RECORDS SUPPLIED:
——————

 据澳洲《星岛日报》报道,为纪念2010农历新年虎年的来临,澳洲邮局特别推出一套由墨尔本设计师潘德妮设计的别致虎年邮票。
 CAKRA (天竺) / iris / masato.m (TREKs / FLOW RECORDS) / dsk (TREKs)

——————

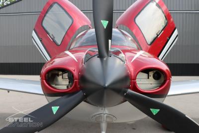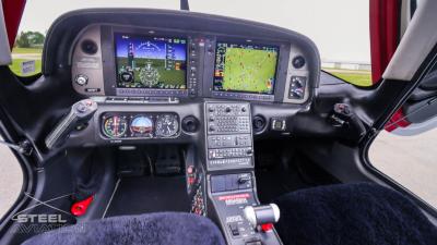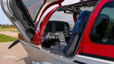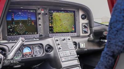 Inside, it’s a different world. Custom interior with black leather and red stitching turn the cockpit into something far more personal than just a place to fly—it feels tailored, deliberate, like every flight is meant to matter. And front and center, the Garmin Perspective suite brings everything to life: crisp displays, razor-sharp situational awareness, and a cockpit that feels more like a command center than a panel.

——————

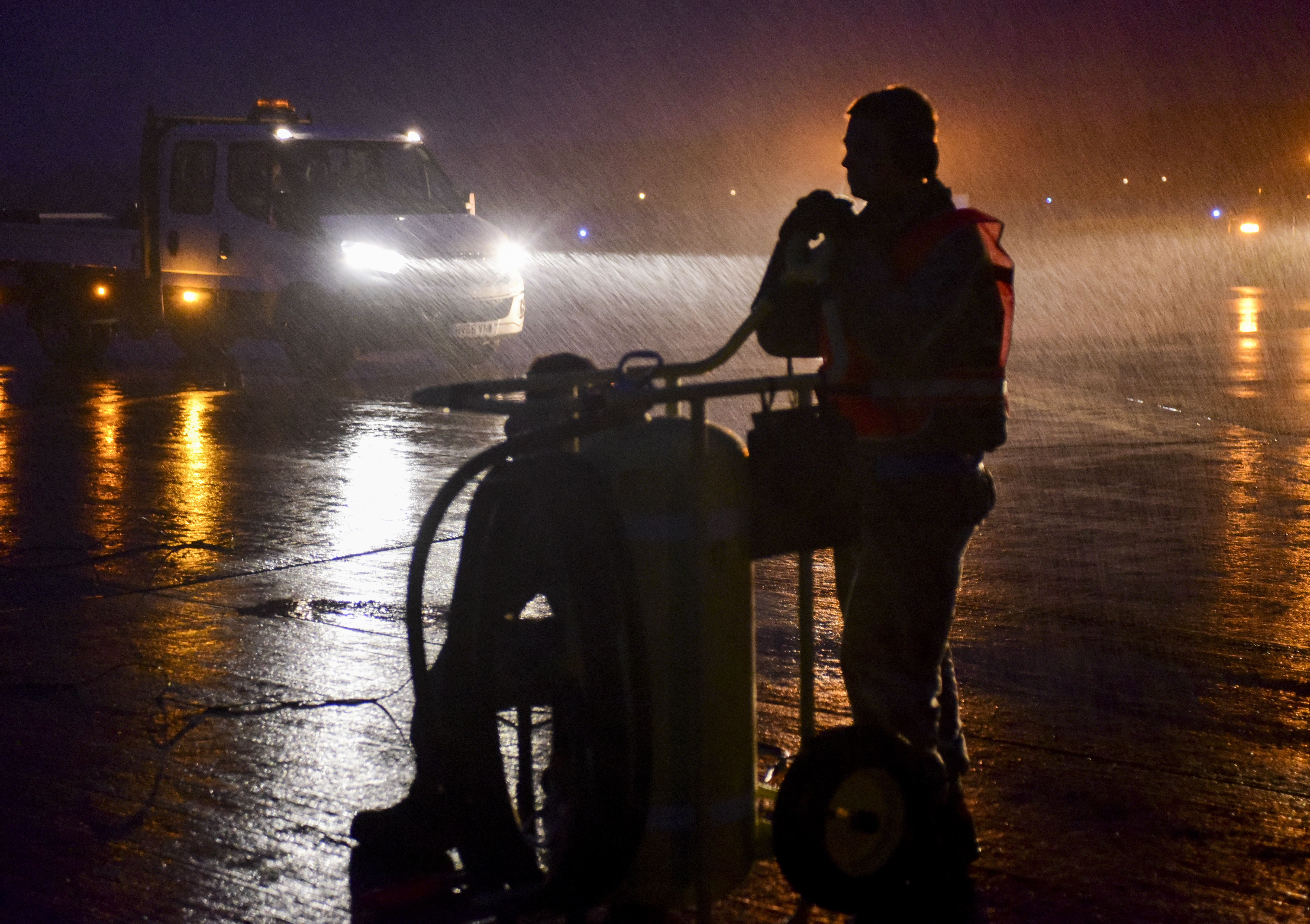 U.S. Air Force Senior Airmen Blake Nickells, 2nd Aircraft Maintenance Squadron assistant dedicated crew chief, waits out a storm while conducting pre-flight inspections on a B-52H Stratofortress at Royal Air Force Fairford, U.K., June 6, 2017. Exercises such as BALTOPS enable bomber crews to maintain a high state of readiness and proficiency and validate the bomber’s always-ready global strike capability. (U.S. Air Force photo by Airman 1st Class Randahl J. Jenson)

——————

ACTIVITY: Set down, exactly as they appear above, all lines from the one that has "据澳洲《星岛日报》报道,为纪" down to the one that has "CAKRA (天竺) /", including those two and no others.

RESPONSE AREA:
 据澳洲《星岛日报》报道,为纪念2010农历新年虎年的来临,澳洲邮局特别推出一套由墨尔本设计师潘德妮设计的别致虎年邮票。
 CAKRA (天竺) / iris / masato.m (TREKs / FLOW RECORDS) / dsk (TREKs)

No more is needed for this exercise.